== Data section
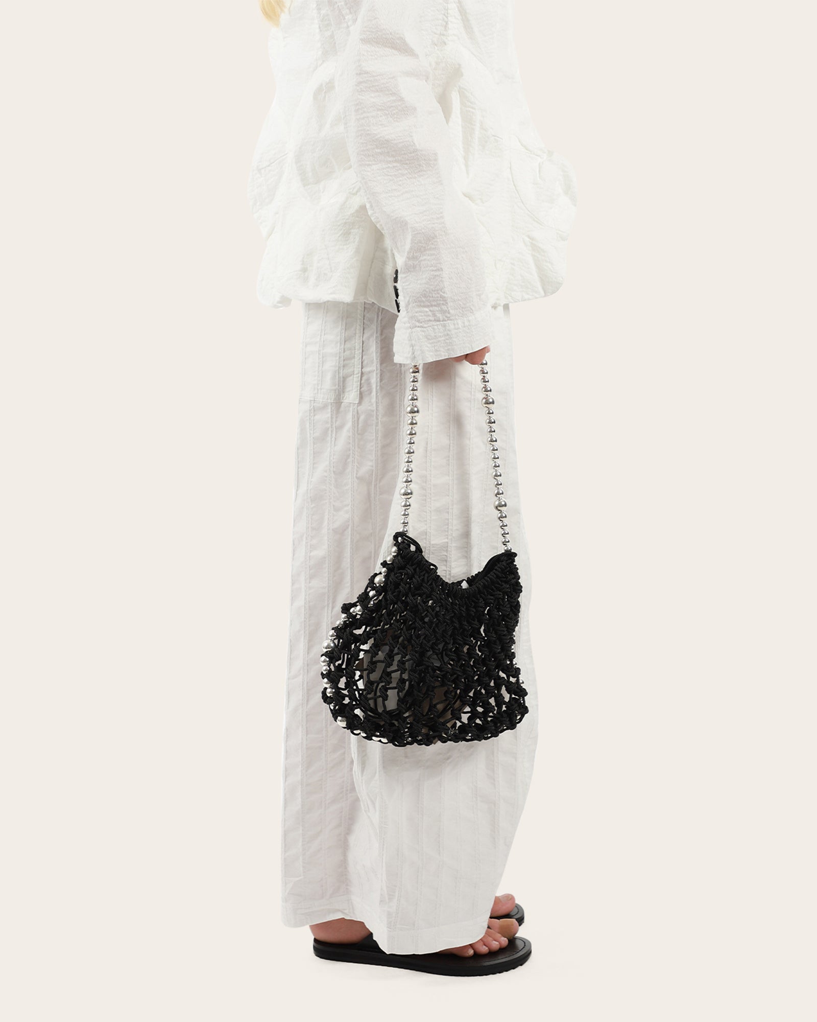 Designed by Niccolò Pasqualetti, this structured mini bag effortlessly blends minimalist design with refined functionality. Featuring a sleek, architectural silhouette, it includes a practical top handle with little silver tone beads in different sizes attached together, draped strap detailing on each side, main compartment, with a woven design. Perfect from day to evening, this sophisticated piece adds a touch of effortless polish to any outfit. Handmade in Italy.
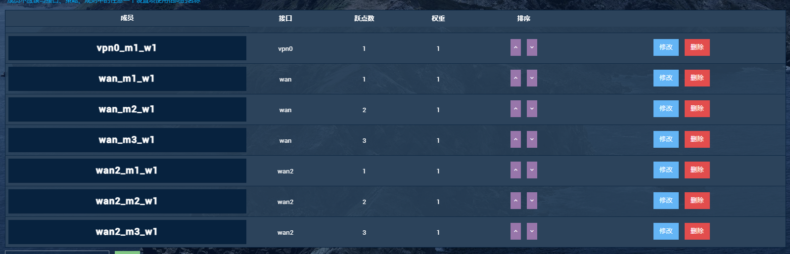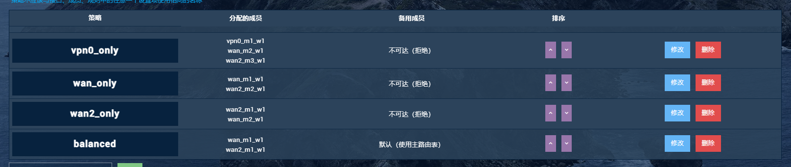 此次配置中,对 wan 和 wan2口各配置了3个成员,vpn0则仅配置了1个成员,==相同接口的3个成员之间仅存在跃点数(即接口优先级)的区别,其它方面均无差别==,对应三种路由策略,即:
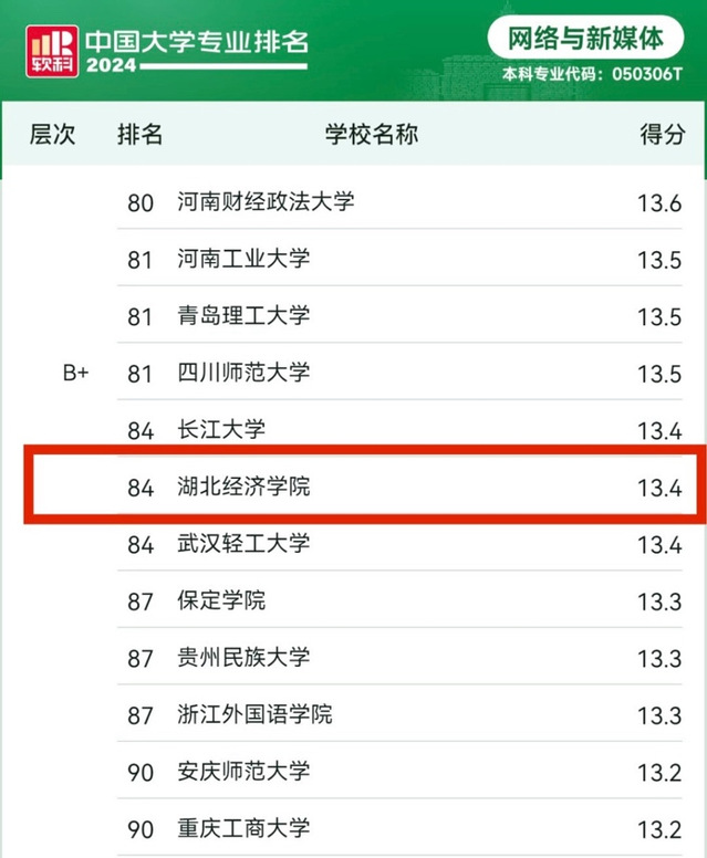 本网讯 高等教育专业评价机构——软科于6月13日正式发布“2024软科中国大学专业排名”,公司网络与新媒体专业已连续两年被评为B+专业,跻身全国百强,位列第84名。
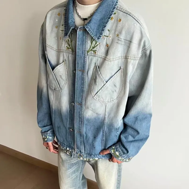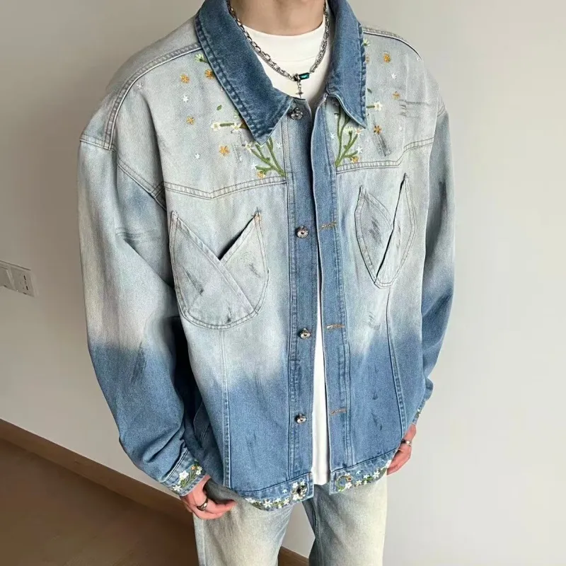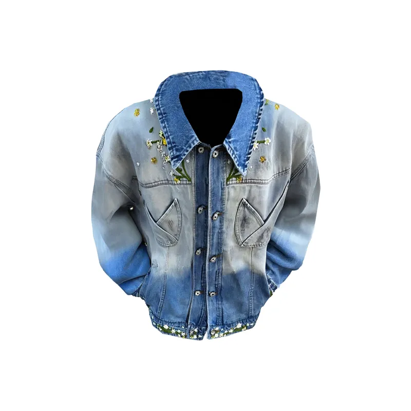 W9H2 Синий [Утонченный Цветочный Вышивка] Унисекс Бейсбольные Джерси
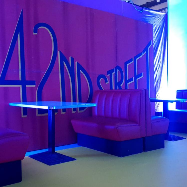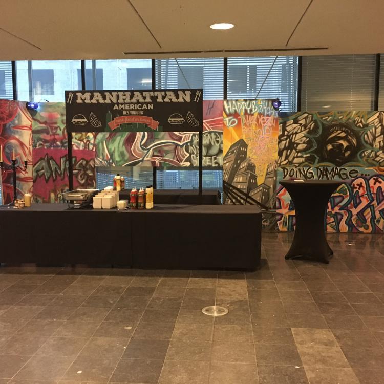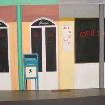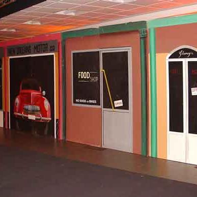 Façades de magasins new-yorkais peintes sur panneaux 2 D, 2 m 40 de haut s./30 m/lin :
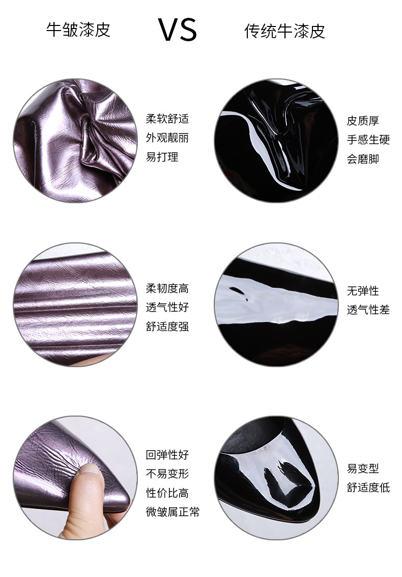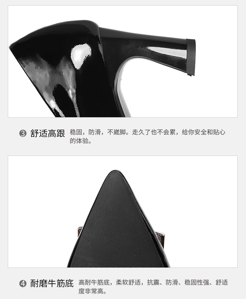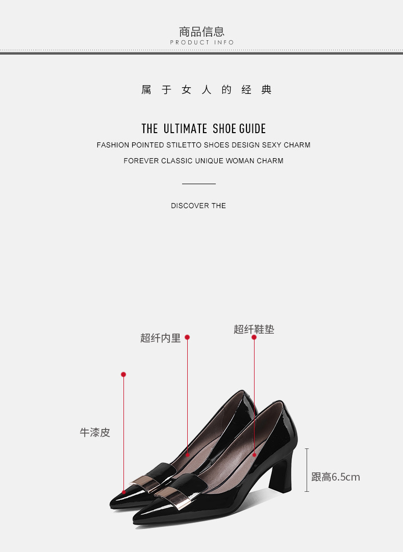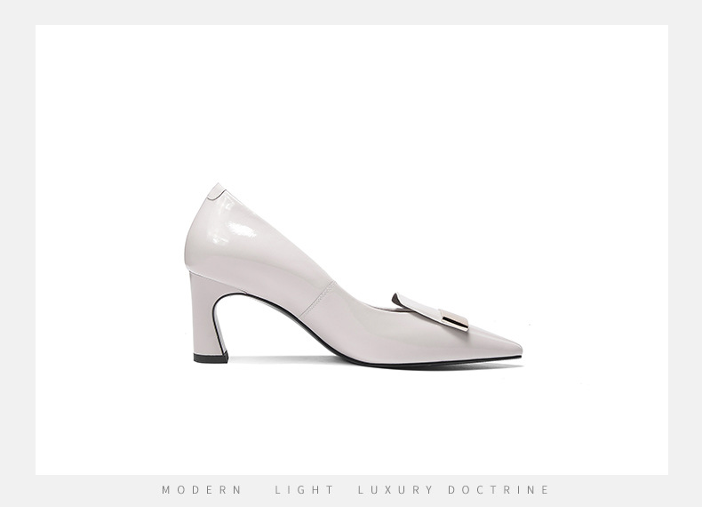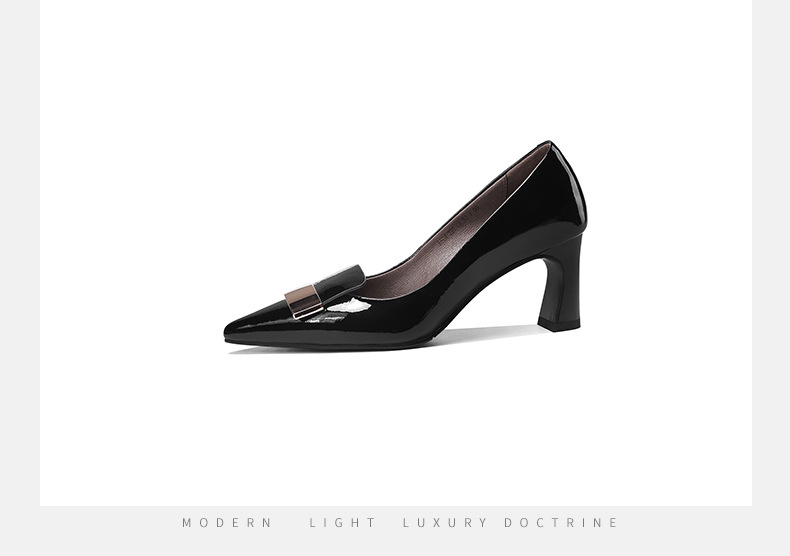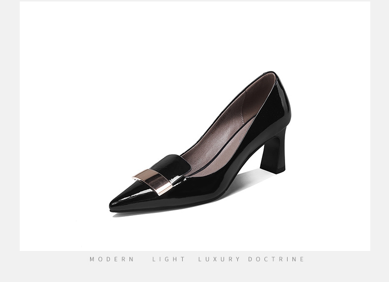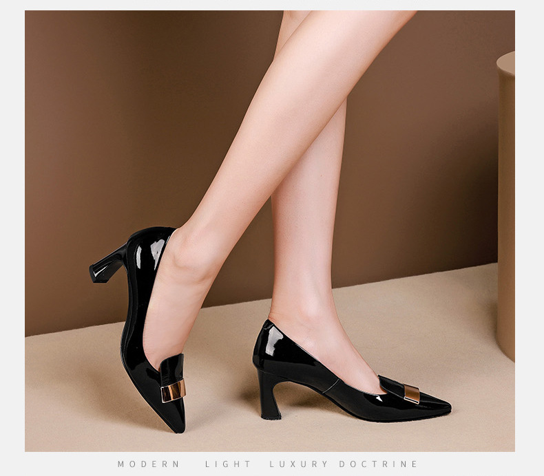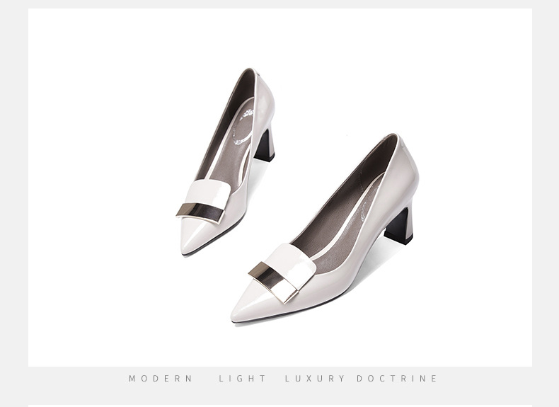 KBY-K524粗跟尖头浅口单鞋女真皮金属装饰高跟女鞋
====
*Work to be completed*
Reproduce exactly and only the lines from the one with "本网讯 高等教育专业评价机构" through the last entry, both included, excluding every picture.

*Written response*
 本网讯 高等教育专业评价机构——软科于6月13日正式发布“2024软科中国大学专业排名”,公司网络与新媒体专业已连续两年被评为B+专业,跻身全国百强,位列第84名。
 W9H2 Синий [Утонченный Цветочный Вышивка] Унисекс Бейсбольные Джерси
 Façades de magasins new-yorkais peintes sur panneaux 2 D, 2 m 40 de haut s./30 m/lin :
 KBY-K524粗跟尖头浅口单鞋女真皮金属装饰高跟女鞋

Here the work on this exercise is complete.